Mary Angelica Gramcko-Tursi began an internship with the aim of rigorously quantifying uncertainty in object detection. The first step to this goal was to create and train an object detector for cars in clear satellite imagery. The point, however, is not to craft the best detector for all possible environmental circumstances, but to test and mathematically describe how a well-performing detector trained on clear images will fail when noise is introduced to the data. The noise could be internal to the satellite, or some environmental obstruction like clouds or fog. The summer internship was the start of a year-long project in which she is still involved, but over the summer she tested multiple approaches to detection and examined how they failed by looking at how they dealt with before settling on one approach, which I can now use for measuring uncertainty. Since her ultimate work is more theoretical, he also focused on the mathematics behind the algorithms used to train the different models.

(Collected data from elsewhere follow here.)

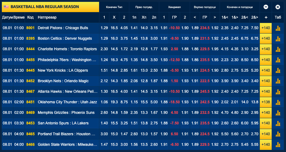 На осум од 12-те меча се очекуваат победи на домашните екипи, а гостите би требало да победат на четири натпревари според квотите во Sport Life. Лидерите на двете конференции, Детроит и Оклахома се меѓу големите фаворити за победа на домашен терен, а Денвер без Никола Јокиќ е тотален аусајдер на гостувањето кај Бостон.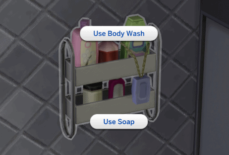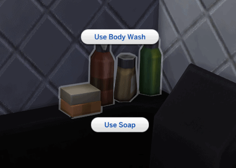 Continuing my mission to make decorative items useful, I’ve made something more custom than just moving some tuning around. Now when a sim is taking a shower or a bath they have an option to use these body wash and soap objects and get a nice little confidence boost!
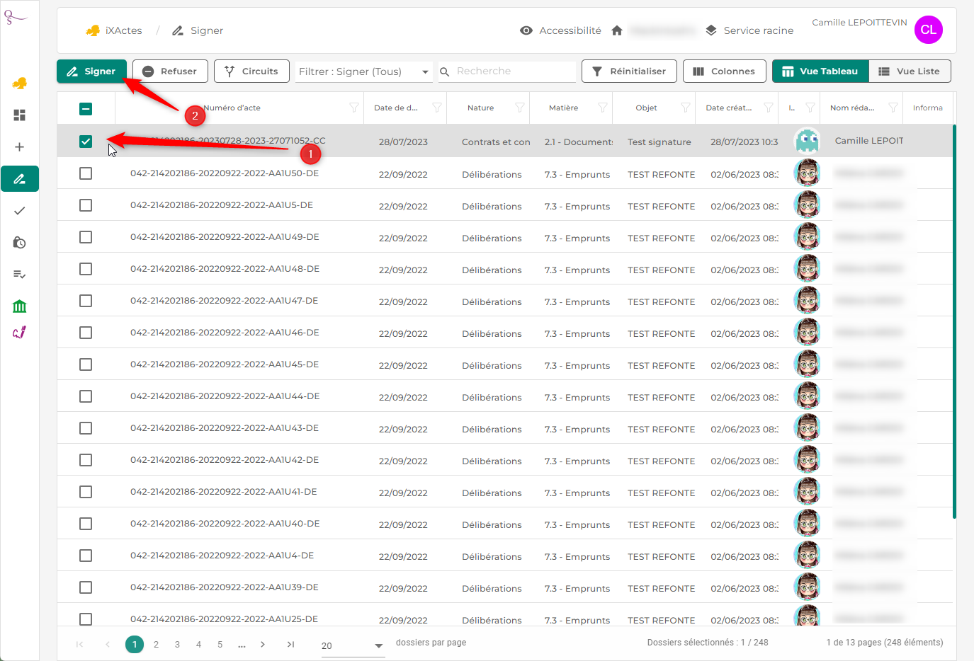 Pour signer un acte, cochez-le puis cliquez sur le bouton ou cliquez directement sur le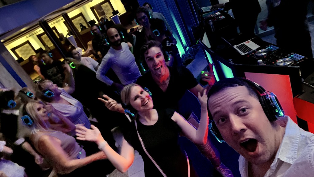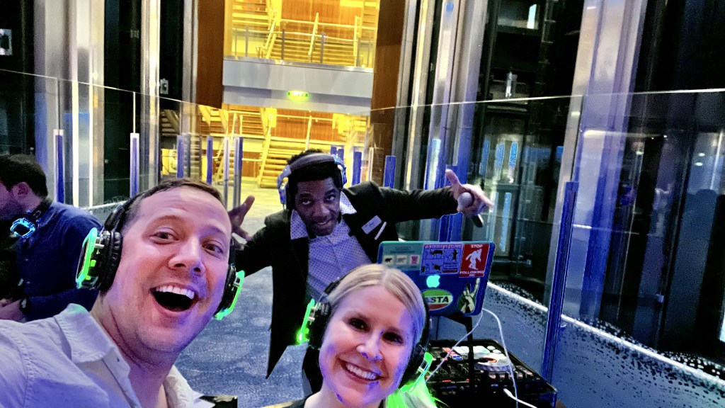 My parents decided to part ways and go back to their room, but we had one final activity before turning in. There was a silent disco DJ challenge. There were three different DJs playing different styles of music. You would pick a station: red, green, or blue. And the DJs were trying to get more people to listen to their channel.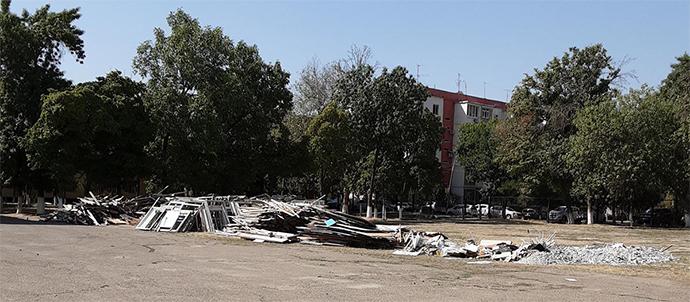 И всё выносили на мой пустырь. Следующий снимок – очередная иллюстрация к моему рассказу – был сделан в начале возникновения свалки. Со временем покрыто было всё пространство. И по тому, как небрежно и даже безразлично относились ко всему, что выносилось из здания, было ясно, что абсолютно всё, кроме стен, будет заменено на новое: все полы, двери, окна, мебель, кровля и прочая.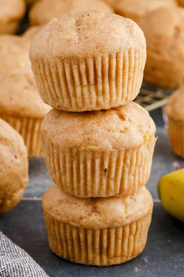 Easy banana muffins are soft, sweet, and made with just three ripe bananas.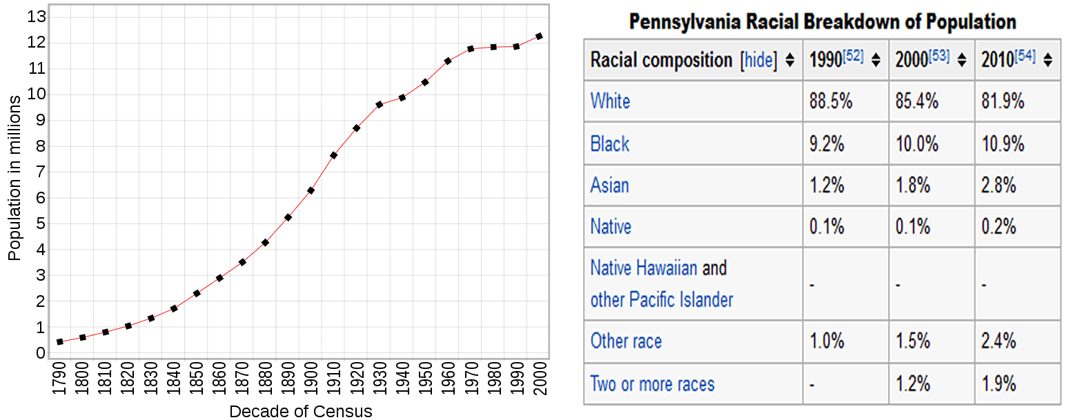Pennsylvania is 170 miles (274 km) north to south and 283 miles (455 km) east to west. Of a total 46,055 square miles (119,282 km2), 44,817 square miles (116,075 km2) are land, 490 square miles (1,269 km2) are inland waters, and 749 square miles (1,940 km2) are waters in Lake Erie. It is the 33rd largest state in the United States. Pennsylvania has 51 miles (82 km) of coastline along Lake Erie and 57 miles (92 km) of shoreline along the Delaware Estuary.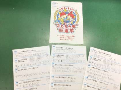 6月に行われた図書館祭り期間中に、今年度は『第4回 小学生がえらぶ!“こどもの本”総選挙』に前山小学校もの児童も投票しました。結果発表は2月10日だそうです。自分の選んだ本がランクインしているか、楽しみですね。
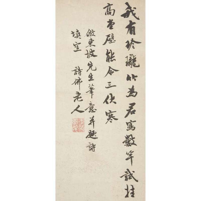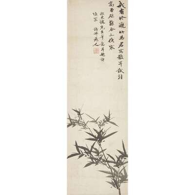 BAMBOO WITH POEM BY SU DONGPO Ink and color on paper, inscribed and with one seal upper right, mounted as a hanging scroll.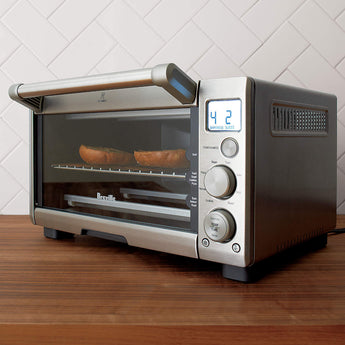 El Horno Inteligente Breville está ahora disponible en formato compacto para espacios más pequeños. El horno de alta potencia "piensa" con una función única Element IQ que proporciona la potencia adecuada en el momento adecuado, ajustable a sus preferencias. Dispone de ocho programas de cocción preestablecidos: tostar, bagel, hornear, asar, gratinar, pizza, galletas y recalentar.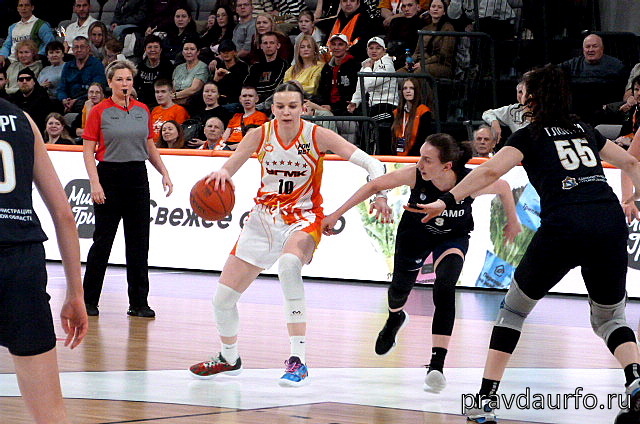 Баскетболистки УГМК провели стартовую игру финальной серии плей-офф чемпионата Премьер-лиги против курского «Динамо». Действующие обладательницы титула одержали уверенную победу. В дебюте встречи на паркете шла конкурентная борьба, но понемногу хозяйки смогли навязать свою игру. В первую очередь, стоит отметить атаки с дальней дистанции, в которых особенно преуспела Йована Ногич, трижды поразившая кольцо из-за дуги. Отметились трехочковыми также Анастасия Шилова, Виктория Третьякова и Мария Попова. В итоге первую четверть хозяйки выиграли с перевесом +8 – 26:18. Во втором отрезке результативность снизилась, а вязкой борьбы стало больше. Тем не менее, БК УГМК продолжал контролировать события на площадке, не позволяя соперницам приближаться. К большому перерыву «лисицам» удалось нарастить перевес до двузначного – 43:31. Третья четверть продолжила тенденцию, наметившуюся в предыдущей десятиминутке. На площадке по-прежнему было много борьбы, курянки предпринимали попытки камбэка, которые,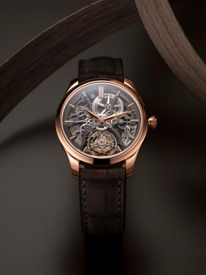 对H. Moser & Cie. 亨利慕时而言,极简主义不仅是一种风格,更是一种理念——一种通过“去除”来“呈现”的思考方式。旨在摒弃所有冗余元素,只为呈现机械结构的纯粹之美。极简主义是品牌的标志性特征,而勇创者系列陀飞轮镂空腕表(Endeavour Tourbillon Skeleton),则将这一理念推向极致:一款全镂空腕表,在设计时仅保留了最核心的部件。时间在配备双游丝的一分钟飞行陀飞轮的律动中自由流转,陀飞轮仿佛无重力般悬浮于其中。勇创者系列陀飞轮镂空腕表采用40毫米直径的5N红金表壳,尽显优雅风范,堪称真正的时尚宣言。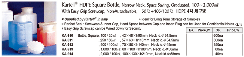 Kartell® HDPE Square Bottle, Narrow Neck, Space Saving, Graduated, 100~2,000㎖With Easy Grip Screwcap, Non-Autoclavable, -50℃~+105/120℃, HDPE 4 각 세구병
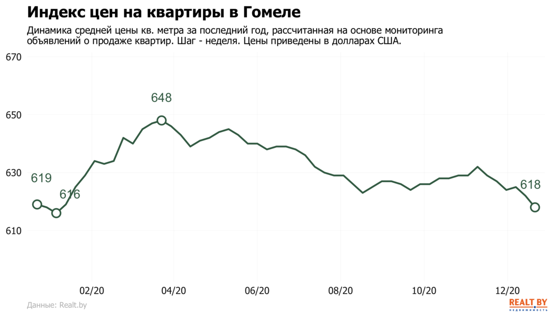 Средняя цена в объявлениях о продаже квартир в Гомеле снизилась на 0.6% и составила 618 $/м2.
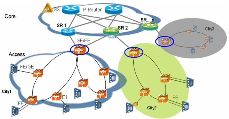 綜合接入主要關(guān)注語音和少量寬帶業(yè)務(wù)和專線,上行接口一般是E1和FE/GE。傳統(tǒng)窄帶語音業(yè)務(wù)、TDM專線等或MSAN使用于窄帶交換機組網(wǎng)的時候采用E1上行方式,其它時候采用FE/GE上行。接入層面采用的承載網(wǎng)設(shè)備必須同時能夠支持E1和FE/GE接入,因此承載網(wǎng)設(shè)備必須具備多業(yè)務(wù)傳輸特性,傳統(tǒng)SDH設(shè)備,傳統(tǒng)LANSwitch設(shè)備無法滿足組網(wǎng)需求。
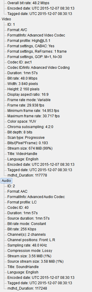 was recorded on samsung s5 4k res, play back on pc is ok via mpc
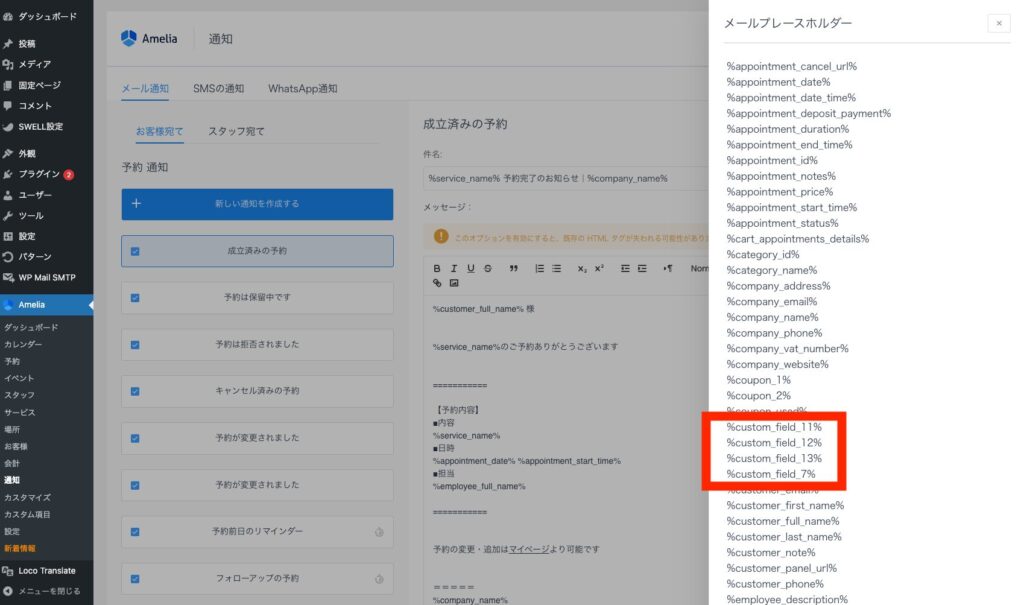 Ameliaで作成するすべてのカスタム項目は、メールおよびSMS通知に追加できます。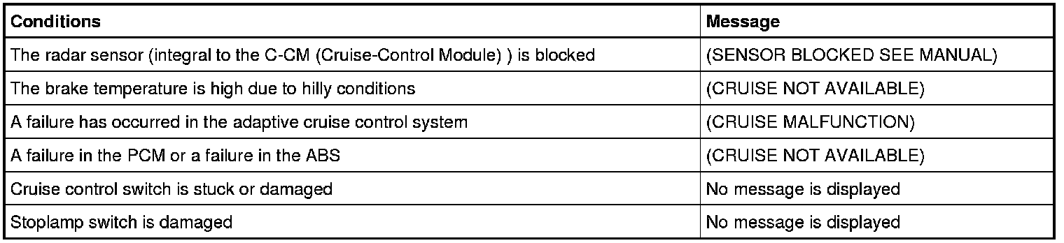 There are several conditions that might exist to cause the adaptive cruise control system to deactivate or prevent the system from activation. Some of the conditions have a message that is displayed in the message center. These conditions include: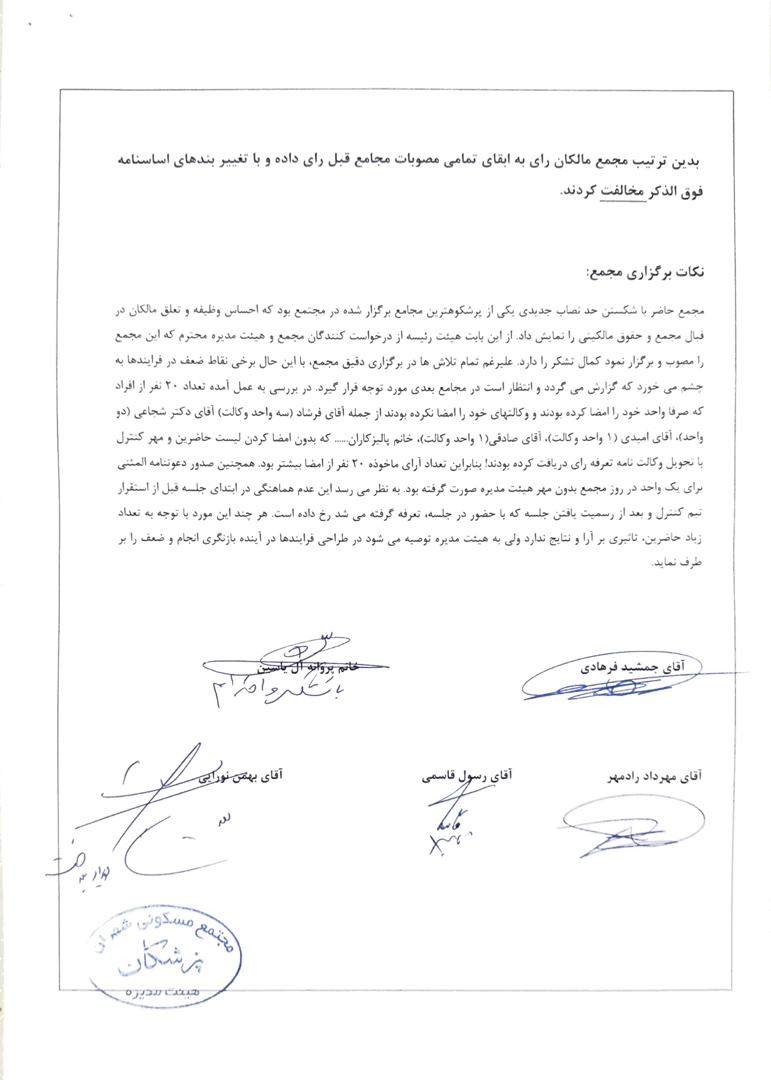 لازم به توضیح است این صورتجلسه در بوردهای لابی های مجتمع نیز نصب خواهد شد و همچنین از طریق پیامک به اطلاع مالکان نیز رسانده خواهد شد.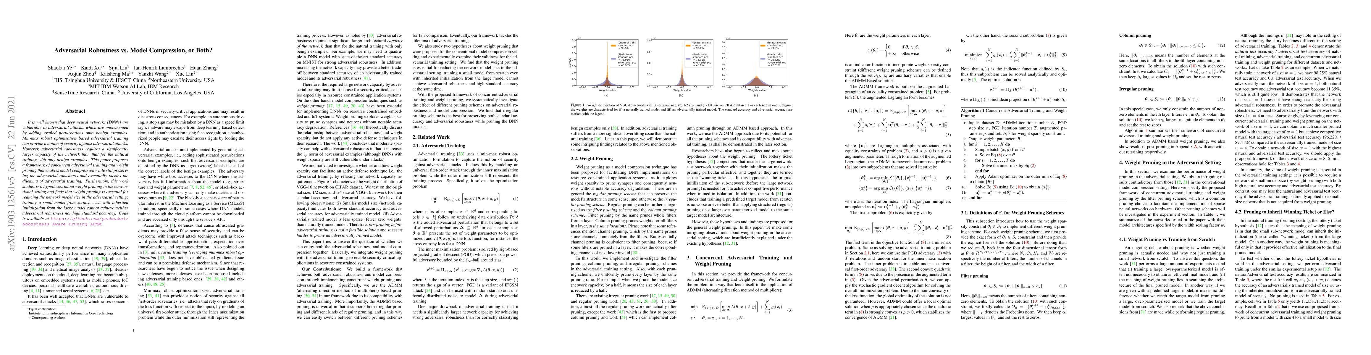 This paper proposes a framework for concurrently training deep neural networks using adversarial examples and applying weight pruning to achieve model compression while maintaining adversarial robustness. It finds that weight pruning is crucial for achieving both robustness and efficiency, and training a small model from scratch does not suffice.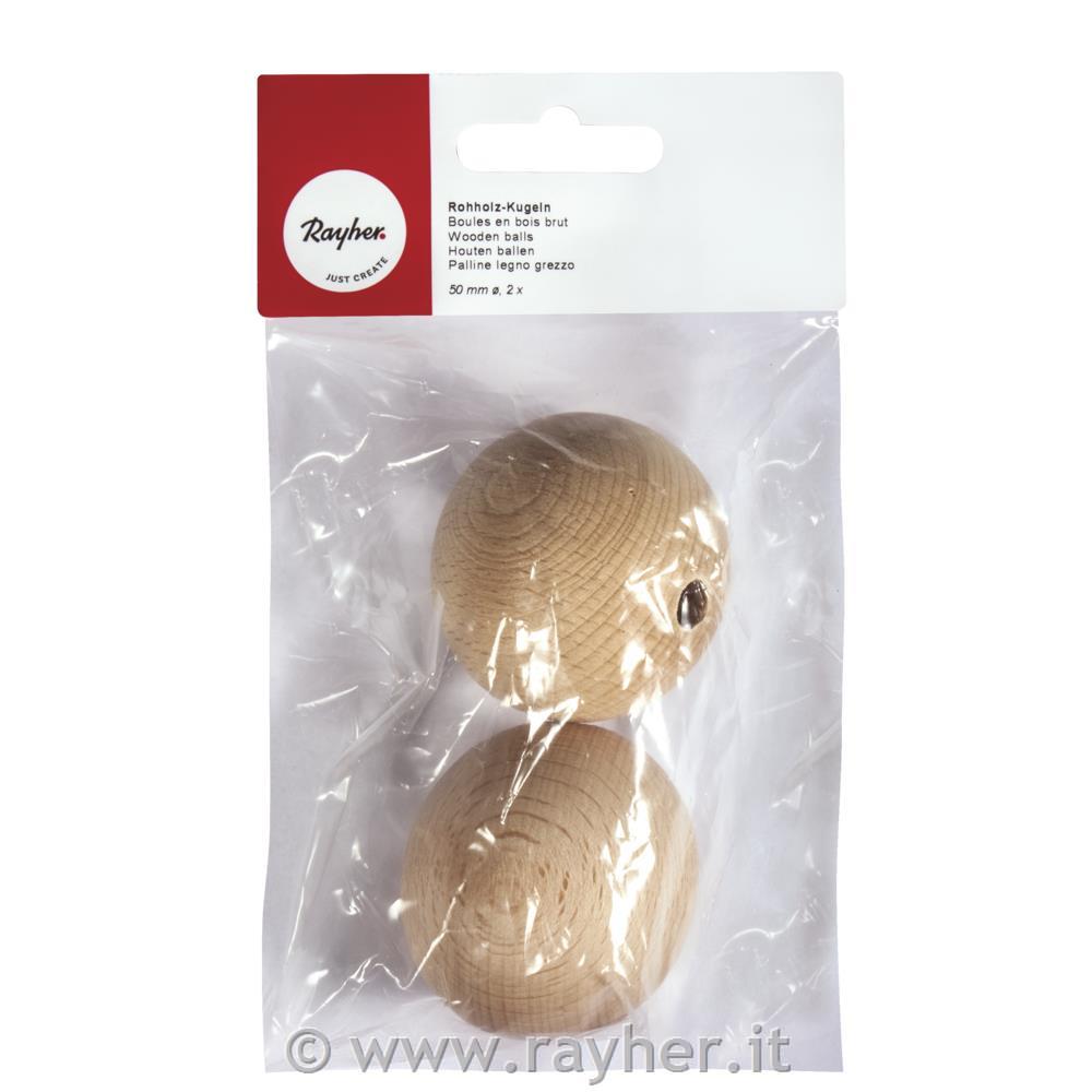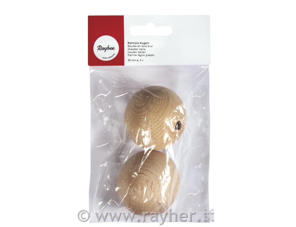 Lesene kroglice, naravne, 50 mm o, luknja 8 mm, 2 kom.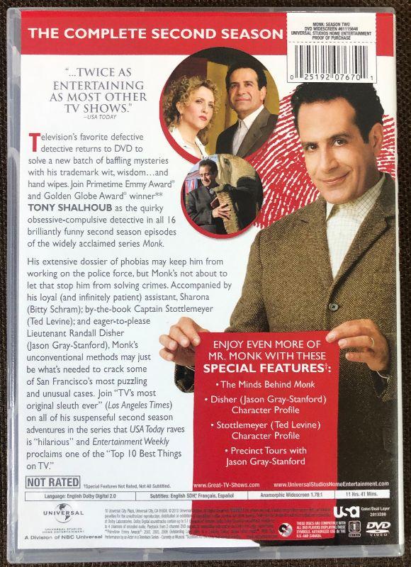 Lot #304 DVD MONK Complete Second Season Two 2 Free Shipping ! Tony Shalhoub

Lina Li worked as an intern at Ameren innovation center. Her first project aimed to study demographic data of Ameren customers and determine the likelihood that a given customer will enroll in the special energy saving programs. This project involved using multiple approaches to perform feature selection and building predictive model with random forest classifier. Her second project focused on analyzing accelerometer data of power poles and proposing an innovative statistical approach to quantify pole health from existing pole sensor accelerometer data.
William Linz worked as an intern at Sandia National Laboratories. He worked on two projects related to optimization in optimal power flow problems. His research investigated linear and convex relaxations of the optimal power flow model. The first project concerned the scheduling of a power grid; the second project studied interdiction of a power grid. As part of these projects, he worked on optimal power flow models using the Pyomo modeling environment. William was also affiliated with the MARTIANS group at Sandia, where he was able to network with other math and statistics interns at Sandia, and through which he improved his knowledge of machine learning theory.
Michael Livesay’s internship in summer 2018 was with Sandia National Laboratories. He worked on two projects one relating to social modeling and the other relating to security systems and their reliability. For the social modeling project, he applied methods of measuring the complexity of different aspects of the models and worked to justify or improve these measurements. For the reliability of security systems, we confined ourselves to the problem of the steady state case. Part of what he did was write a program which calculated conditional events determined by the structure of any directed graph.
Sarah Mousley Mackay interned at the Naval Research Laboratory in the Center for High Assurance Computer Systems branch. The goal of the project was to design network protocols that allow two parties communicate covertly without being detected by a warden watching their communication channel. She quantified the asymptotic behavior of a particular detector in network covert channels given the asymptotic behavior of embedding method. She also studied the maximum size of message that can be sent while ensuring unlikely detection. She also implemented various embedders and detectors in the software.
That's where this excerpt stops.